Thick Skin

“This being so, I myself always strive to have a conscience without offense towards God and men” (Acts 24:16).
“Now the Spirit expressly says that in latter times some will depart from the faith, giving heed to deceiving spirits and doctrines of demons, speaking lies in hypocrisy, having their own conscience seared with a hot iron” (1 Timothy 4:1,2).
Ginseng Tamang is an elderly farmer in the mountains of northern Nepal, near the Tibetan border. I have a picture of him in short pants showing the skin of his lower legs wrinkled and toughened to the point that they are almost impervious to cold. It is fascinating to see people of that area in winter time dressed in multiple layers of thick wool clothing on their upper bodies, but with their feet and legs bare. But they have experienced the harsh winter conditions to the point that they are conditioned to it and it does not seem to be a hardship.
Humans are resilient and can become used to almost any conditions. This is true emotionally, intellectually, physically, and spiritually. Just as our skin becomes thicker and less responsive to harsh stimuli, so do our hearts and consciences. A child raised in an abusive environment may develop the ability to ignore and endure neglect, harsh words, and even physical abuse. This is not to say that he or she is not affected and damaged by such treatment, but the child may develop the ability to sublimate, burying the experience to the degree that he is barely aware of it.
This ability can be either positive or negative. Paul speaks of heretics whose harmful teaching is made possible because their conscience has become seared. They do great harm, but it does not affect them. They have become insensitive to the suffering of others. Their spiritual nervous system is damaged and they do not have the restraints and controls God intended.
But, just as one can train one’s conscience to allow evil, so another may toughen his resistance to temptation. The conscience is more sensitive, more in control, and the desire to do wrong has become dulled and blunted. Such a person “strives to have a conscience without offense towards God and men.”

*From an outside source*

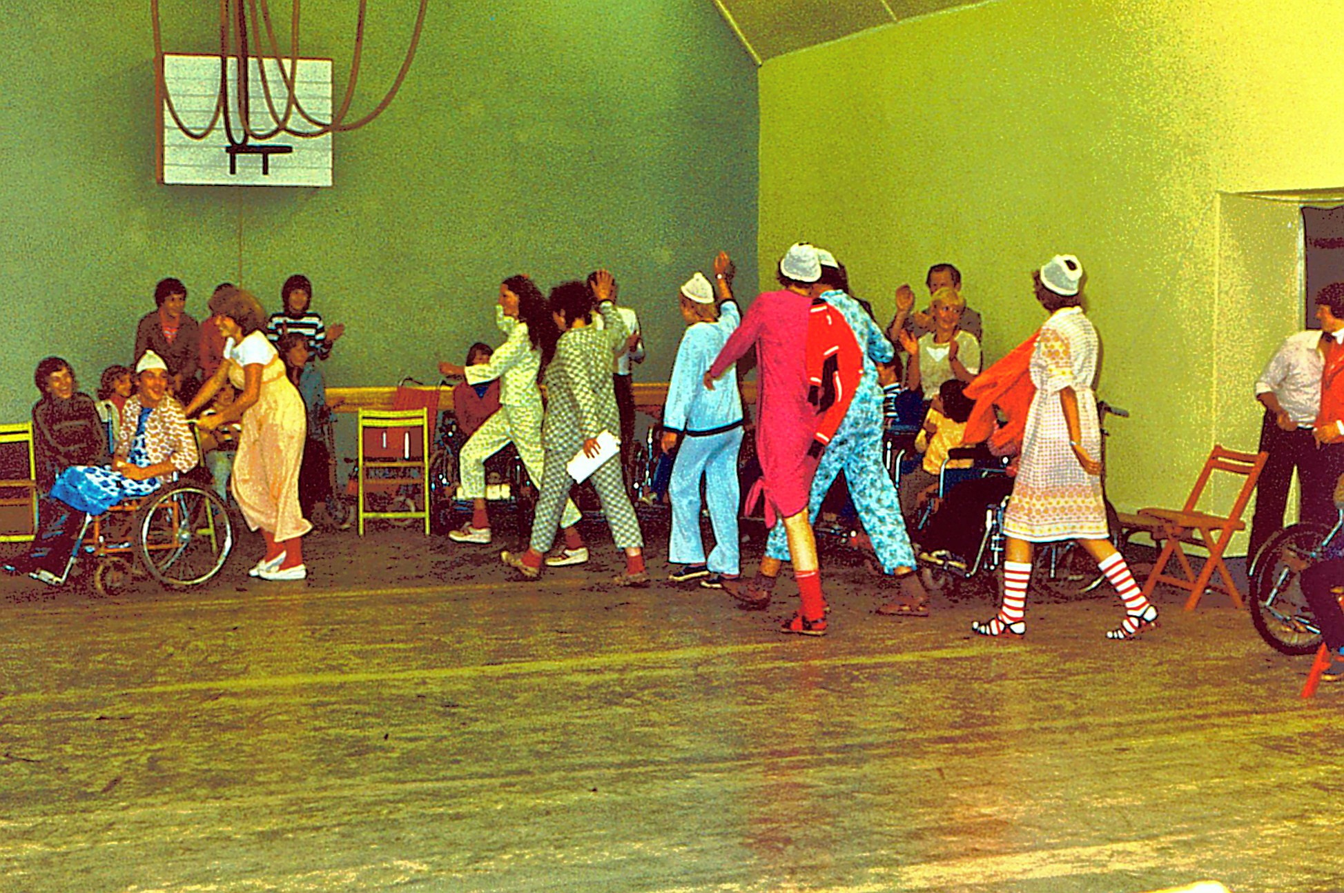Inzwischen haben wir - eigentlich unsere Truppe vom Jugendzug - mit Hilfe von unserem Nachrichtentechniker Heinz und einem Discjockey, den unser "Kulturmanager" organisiert hatte, eine Abschlussparty in der Turnhalle vorbereitet. Wir wollten den Tag richtig fetzig ausklingen lassen.

The difference in the two kinds of sensitivity lies partially in the exposure to which one’s spirit has been subjected. Just as Ginseng’s skin is toughened by year-round outdoor life in the cold mountains, so our consciences reflect the environment in which we live. One constantly surrounded by sin and evil may develop great tolerance for them, and the inability to identify them for what they truly are. Conversely, those living in the warmth of God’s love and joy are not easily distracted by coarser, temporary pleasures.
Paul himself developed this ability. Late in his life he said, “I have learned in whatever state I am, to be content: I know how to be abased, and I know how to abound. Everywhere and in all things I have learned both to be full and to be hungry, both to abound and to suffer need. I can do all things through Christ who strengthens me” (Philippians 4:11-13). Let us be careful to spend our time in the right spiritual conditions so that our “toughening” is of the correct kind.